Терезе жалко Пассалоне, и она старается получше накормить его.
— Ешь, ешь. Вот тебе еще хлеба, а я ухожу. Мне белье надо стирать. Будь здоров, Пассалоне.
Как хорошо, когда у тебя есть старшая сестра! А вот у Пассалоне в доме он сам за старшего. Все сестры младше его, а две даже еще ходить не умеют. Пассалоне сокрушенно вздыхает.
— Нинка-Нанка пропала, и я совсем перепугался. Где ее искать? Ну, думаю, голубчик, теперь не миновать штрафа от лесничих.
— Они ее не заметили?
— Нет, но я-то этого не знал! Хожу по лесу, зову Нинку-Нанку, а она не отвечает. К счастью, колокольчик услыхал.
— Какой еще колокольчик?
— Который у нее на шее.
— Так ведь у него язычка нет, Пассалоне?!

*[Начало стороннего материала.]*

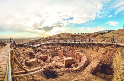 抢在大队游客光临前,我独自来到了乌尔法,一早便打出租车直奔郊外。即便之前在互联网上做足了功课,亲临其境还是免不了心跳加速。因为到得早,哥贝克力丘上没几个人影,只见山坡上被挖出约三个网球场大小、七八米深的大坑,旁边坐落着科研人员的简易宿舍。现场铺有木板路,人们可以在大坑上方行走,观看考古学家进行发掘工作。

— Верно, нет. Но могу побожиться, Сальваторе, он звонил, — дожевывая сыр с хлебом, спокойно говорит Пассалоне.
— Да ты, часом, не рехнулся, Пассалоне? Может, это тебе приснилось?
— Нет, звенел. Я Нинку-Нанку только по звону и нашел. А только подошел, колокольчик умолк.
Сальваторе на секунду задумался.
— Может, в колокольчик чей-то дух залез. Какого-нибудь человека, который тебя любит.
— Да ну?! Кто это меня может любить, а, Сальвато? Хотя постой. Когда я в яму провалился, то…
— В какую яму?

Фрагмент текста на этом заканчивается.